Table 10 shows the composite desirability (0.8192) is near to 1, which shows the settings appear to accomplish good outcomes for all responses in general. However, the individual desirability indicates that the settings are more effective at maximizing MRR (0.87500) than at minimizing surface roughness (0.76687). The present variable settings are speed = 1000 rpm, Feed rate = 600 mm/min, depth of cut = 1.2 mm.

Perceptions from the above optimization plot are as per the following:

  1. 1.

    Speed: Optimization plot shows that MRR is independent on speed and as speed increases Ra increases.

  2. 2.

    Feed rate: As feed rate builds, MRR increments and Ra diminishes.

  3. 3.

    Depth of cut: Increasing Depth of cut increments both responses.

9 Conclusion

This research is governed by the Taguchi method to identify the optimal set of parameters such as rotational speed, feed rate, and cutting depth on surface roughness and material removal rate in the face milling process. From Taguchi S/N proportion investigation, it can reason that speed at 1000 Rpm, feed rate at 600 mm/min, and depth of cut at 0.4 mm are the ideal qualities for better surface roughness and any value of speed, feed rate at 600 mm/min, and depth of cut at 1.2 mm are the ideal qualities for material removal rate.
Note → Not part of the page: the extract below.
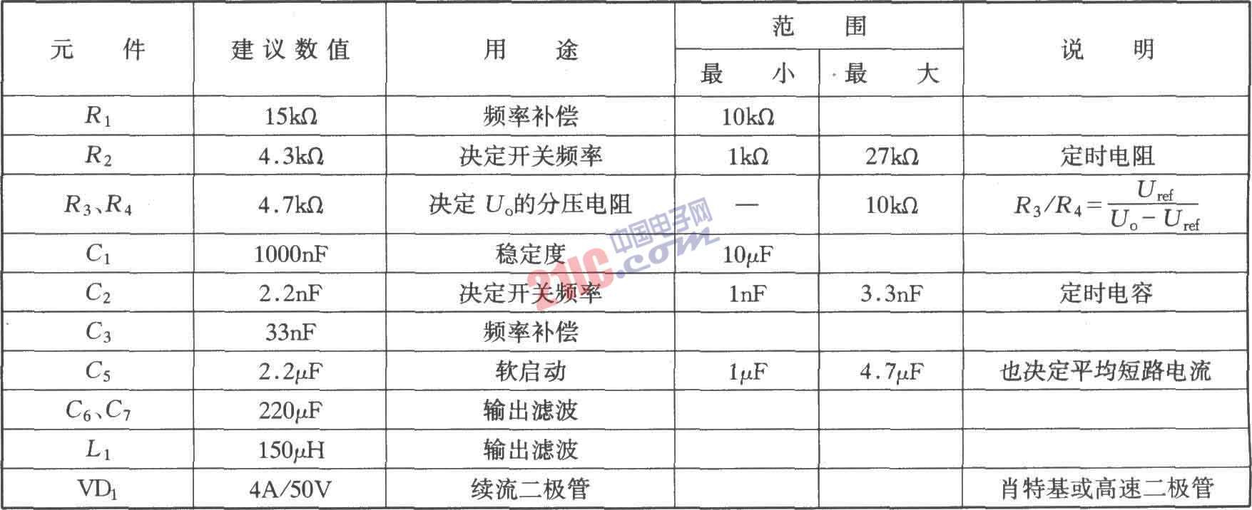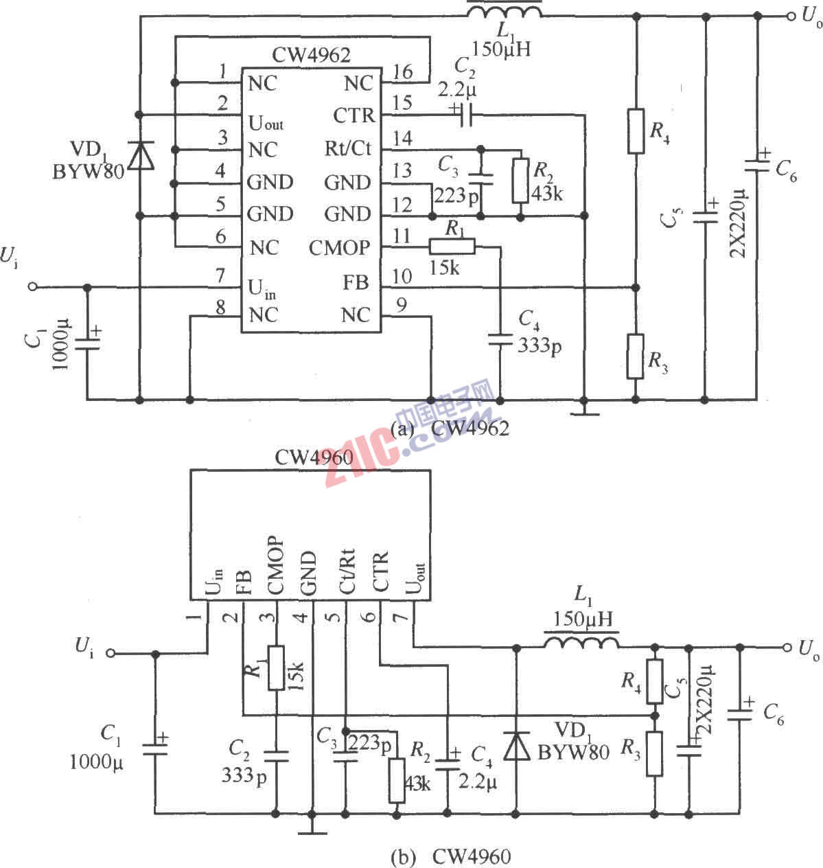 如圖所示是CW4962/CW4960的典型應(yīng)用電路。該電路最大輸入電壓為50V,輸出電壓可以5V調(diào)至40V。輸入直流電壓的獲得可以用工頻變壓器從交流220V降壓獲得,也可以用單端反激式開關(guān)穩(wěn)壓器獲得。外圍元件的選擇如下表所示。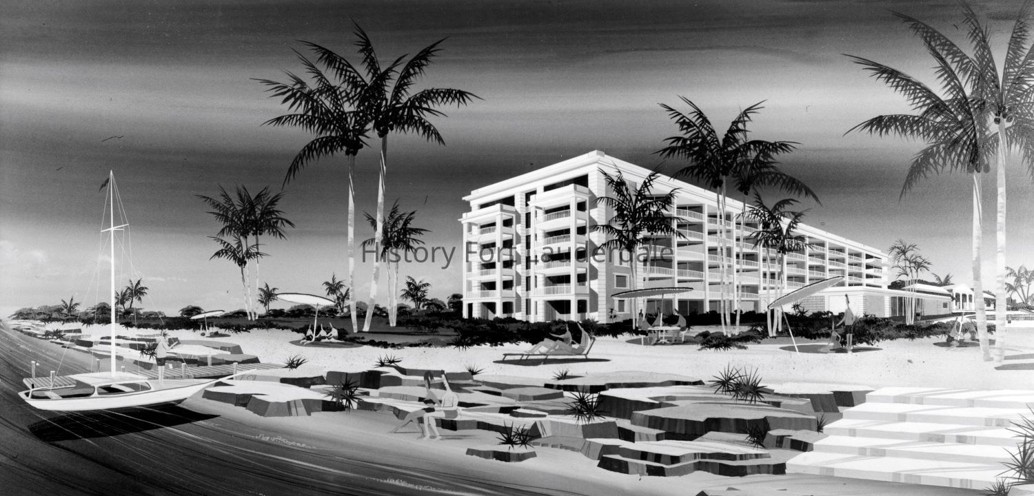 Rendering of Balmoral Club, Nassau designed by Charles McKirahan.Collection

ANOVA examination is recognized that the commitment of feed rate is high on the surface quality then by speed and depth of cut, respectively. On account of material removal rate, the feed rate and depth of cut both are similarly contributed, and cutting speed does not have any impact on MRR.

Multiresponse regression analysis concludes the speed at 1000 rpm, feed rate at 600 mm/min, and depth of cut at 1.2 mm is the ideal characteristics for multiresponse investigation.

10 Limitations and Future Scope

This research is restricted to optimize a couple of parameters including two response factors only. In the future, tool wear rate, tool life, cutting forces, energy consumption, etc., can be considered as a response factor, also tool material, type of workpiece material, type of coolants, coolant flow rate, tool geometry, machine condition, operator skill, environmental condition, costing, etc., can be considered as processing parameters. At the same time, validation and multiple objectives can likewise be accomplished by utilizing other techniques such as genetic algorithm, neural network, etc.